## Problem statement
The lines to transcribe begin with the one containing "桑和 SOWA 作業服" and end with the last line below; reproduce them exactly, without the pictures.

## Information supplied
• • • • •
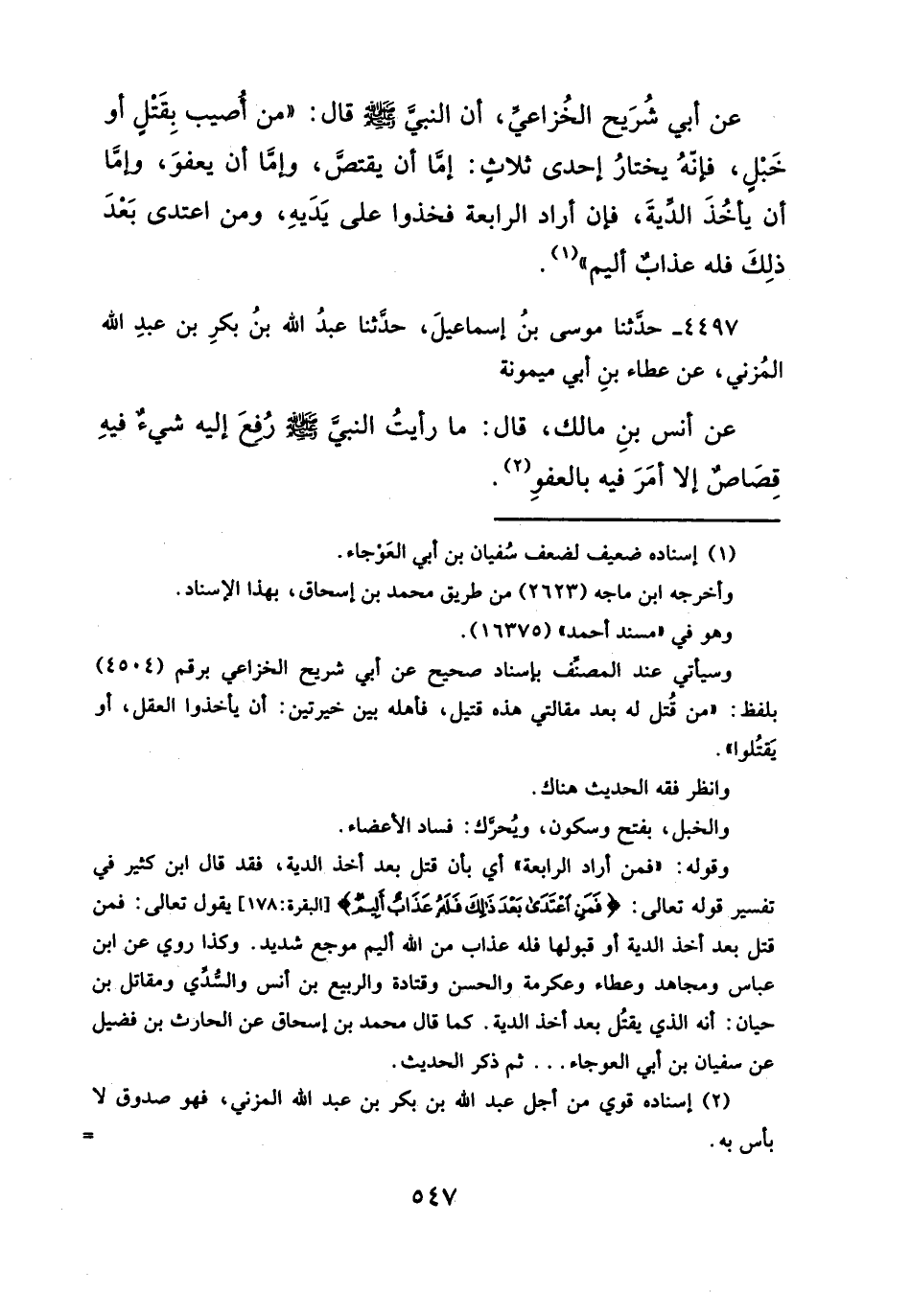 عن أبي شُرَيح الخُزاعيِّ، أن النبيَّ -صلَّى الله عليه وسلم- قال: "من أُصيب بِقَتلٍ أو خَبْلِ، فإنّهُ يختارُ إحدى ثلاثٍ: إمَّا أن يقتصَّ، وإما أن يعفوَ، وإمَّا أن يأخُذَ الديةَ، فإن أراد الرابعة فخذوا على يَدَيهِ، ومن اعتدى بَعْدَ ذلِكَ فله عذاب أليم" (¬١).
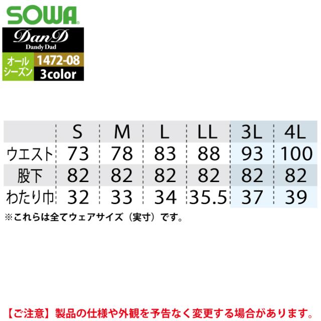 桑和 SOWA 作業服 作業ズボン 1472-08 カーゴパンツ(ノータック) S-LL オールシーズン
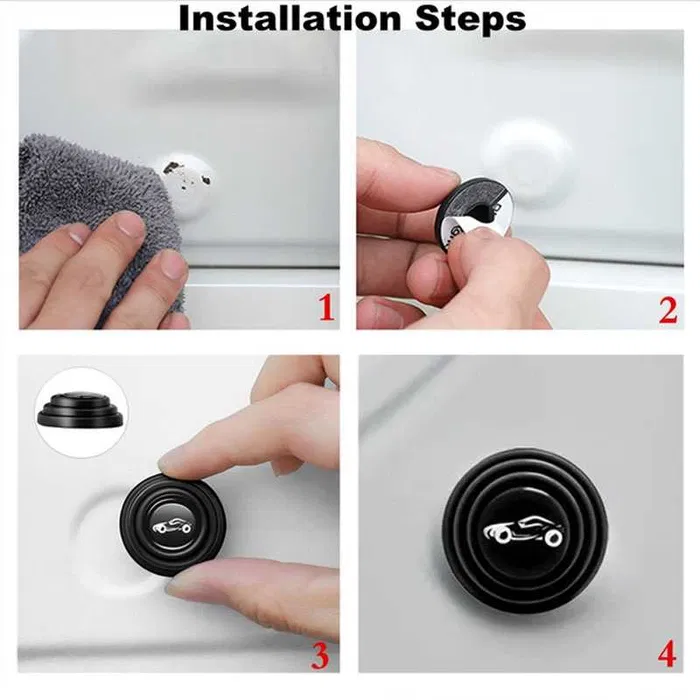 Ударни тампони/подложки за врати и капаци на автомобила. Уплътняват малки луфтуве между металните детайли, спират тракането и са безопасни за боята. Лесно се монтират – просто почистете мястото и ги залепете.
• • • • •
## Response area
 桑和 SOWA 作業服 作業ズボン 1472-08 カーゴパンツ(ノータック) S-LL オールシーズン
 Ударни тампони/подложки за врати и капаци на автомобила. Уплътняват малки луфтуве между металните детайли, спират тракането и са безопасни за боята. Лесно се монтират – просто почистете мястото и ги залепете.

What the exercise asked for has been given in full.